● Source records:

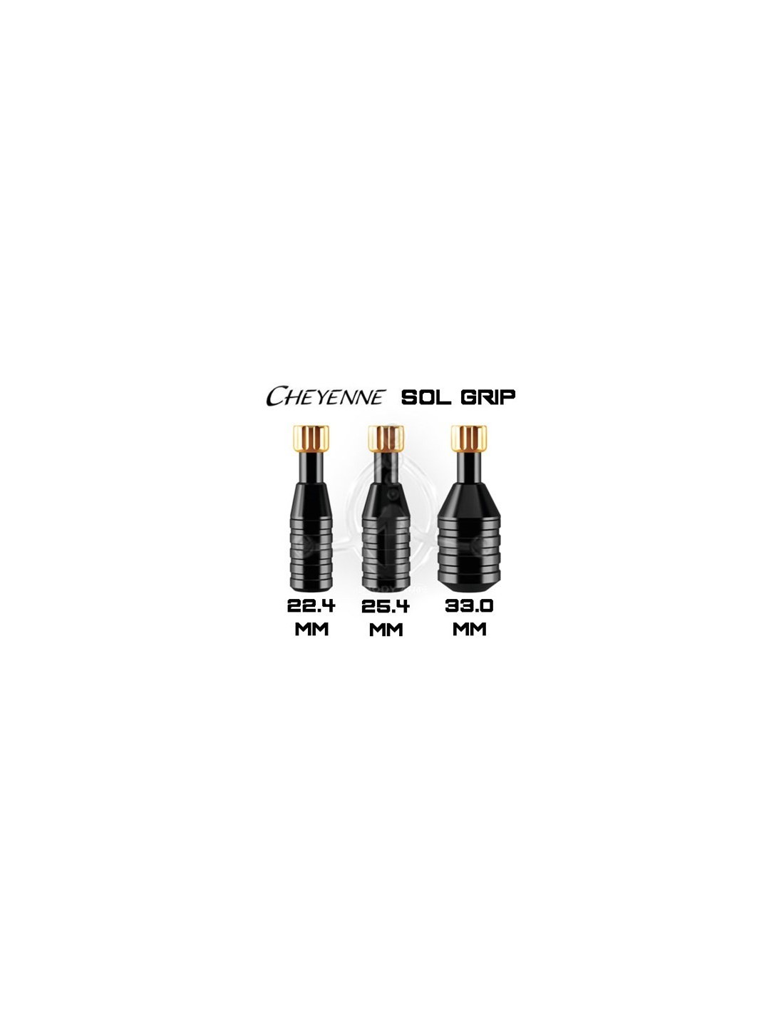 VIDEO-PRESENTACIÓNSOL GRIPS de CHEYENNELos SOL Grips han sido diseñados para trabajar cómodamente con las máquinas SOL Luna y SOL Terra. El grip telescópico permite ajustar la posición de la aguja de forma rápida y sencilla. 3 tamaños: L (33mm), M (25mm) y S (22.4mm)GRIPS de tatuaje perfectos para la familia SOL. CARACTERÍSTICAS:- Profundidad de aguja ajustable (0 - 4mm / 0 - 0,16 pulgadas)- 3 tamaños diferentes disponibles S: 22.4 mm (0.88 inch), M: 25.4 mm (1.00 inch), L: 33.0 mm (1.30 inch)- Fabricado según la norma médica (ISO 13485)- Hecho en Alemania (MADE IN GERMANY)- Garantía de 1 año
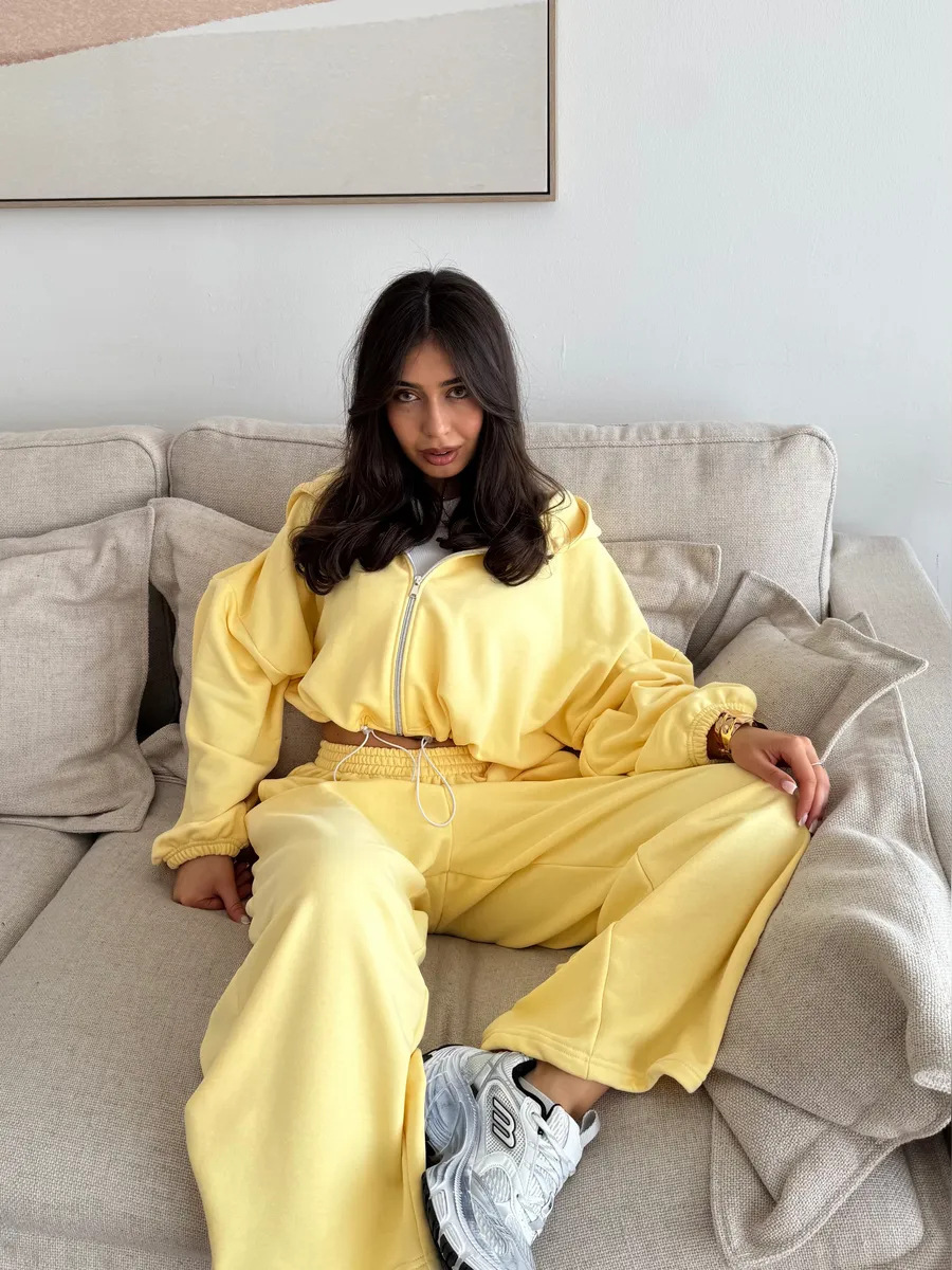Womens Casual Set Long-sleeve Zip-up Cardigan Hoodie
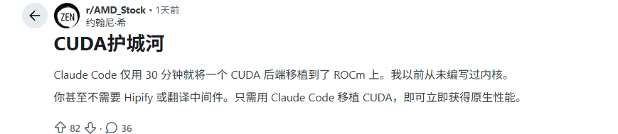 Claude Code直接把NVIDIA的护城河给铲平了,而且只花了半小时!近日,科技圈被一则消息彻底引爆:Reddit平台上,开发者johnnytshi分享了一项颠覆性操作——Claude Code仅耗时30分钟,便成功将一整套完整的CUDA后端代码,移植到了AMD的ROCm平台,而且无需任何中间转换层。
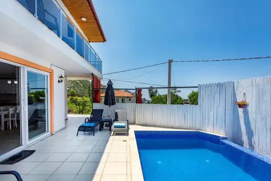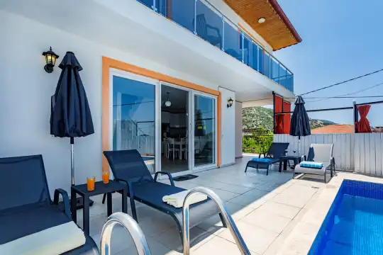 Kalkan İslamlar mevkiinde yer alan kiralık tatil villamız, doğayla iç içe, sessiz ve sakin bir konumda huzurlu bir tatil geçirmek isteyen çiftler ve aileler için ideal bir seçenektir. Muhafazakar villalar kategorisinde bulunan Villa Emin, 2 yatak odası ve 4 kişilik konaklama kapasitesi ile rahat bir konaklama imkânı sunmaktadır. Havuzu korunaklı ve bahçesi dışarıdan görünmeyen villamız, mahremiyete önem veren aileler için özel ve konforlu bir tatil deneyimi vaat etmektedir.
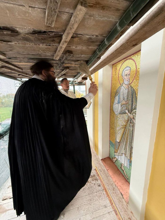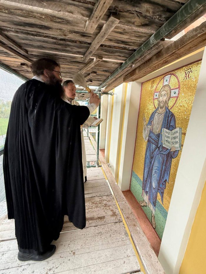 Сегодня, в предверии праздника преставление прп. Сергия, игумена Радонежского, в нашем храме настоятель иеромонах Виталий освятил мозаичные иконы Господа Вседержителя и апп. Петра и Павла, расположенных на восточном фасаде нашего храма.
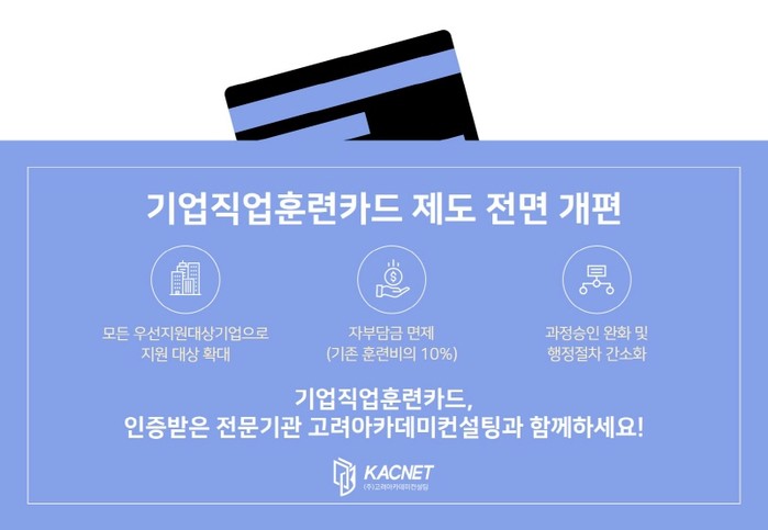 한편, 고용노동부 인증 우수훈련기관인 고려아카데미컨설팅은 사업이 처음 시행될 때부터 사업에 참여해 북러닝과 이러닝 등 다양한 유형과 카테고리 분야의 기업직업훈련카드 과정을 운영해왔다.

● Task prompt: Repeat all of the data above word for word, minus the pictures.

● Task response:
 VIDEO-PRESENTACIÓNSOL GRIPS de CHEYENNELos SOL Grips han sido diseñados para trabajar cómodamente con las máquinas SOL Luna y SOL Terra. El grip telescópico permite ajustar la posición de la aguja de forma rápida y sencilla. 3 tamaños: L (33mm), M (25mm) y S (22.4mm)GRIPS de tatuaje perfectos para la familia SOL. CARACTERÍSTICAS:- Profundidad de aguja ajustable (0 - 4mm / 0 - 0,16 pulgadas)- 3 tamaños diferentes disponibles S: 22.4 mm (0.88 inch), M: 25.4 mm (1.00 inch), L: 33.0 mm (1.30 inch)- Fabricado según la norma médica (ISO 13485)- Hecho en Alemania (MADE IN GERMANY)- Garantía de 1 año
Womens Casual Set Long-sleeve Zip-up Cardigan Hoodie
 Claude Code直接把NVIDIA的护城河给铲平了,而且只花了半小时!近日,科技圈被一则消息彻底引爆:Reddit平台上,开发者johnnytshi分享了一项颠覆性操作——Claude Code仅耗时30分钟,便成功将一整套完整的CUDA后端代码,移植到了AMD的ROCm平台,而且无需任何中间转换层。
 Kalkan İslamlar mevkiinde yer alan kiralık tatil villamız, doğayla iç içe, sessiz ve sakin bir konumda huzurlu bir tatil geçirmek isteyen çiftler ve aileler için ideal bir seçenektir. Muhafazakar villalar kategorisinde bulunan Villa Emin, 2 yatak odası ve 4 kişilik konaklama kapasitesi ile rahat bir konaklama imkânı sunmaktadır. Havuzu korunaklı ve bahçesi dışarıdan görünmeyen villamız, mahremiyete önem veren aileler için özel ve konforlu bir tatil deneyimi vaat etmektedir.
 Сегодня, в предверии праздника преставление прп. Сергия, игумена Радонежского, в нашем храме настоятель иеромонах Виталий освятил мозаичные иконы Господа Вседержителя и апп. Петра и Павла, расположенных на восточном фасаде нашего храма.
 한편, 고용노동부 인증 우수훈련기관인 고려아카데미컨설팅은 사업이 처음 시행될 때부터 사업에 참여해 북러닝과 이러닝 등 다양한 유형과 카테고리 분야의 기업직업훈련카드 과정을 운영해왔다.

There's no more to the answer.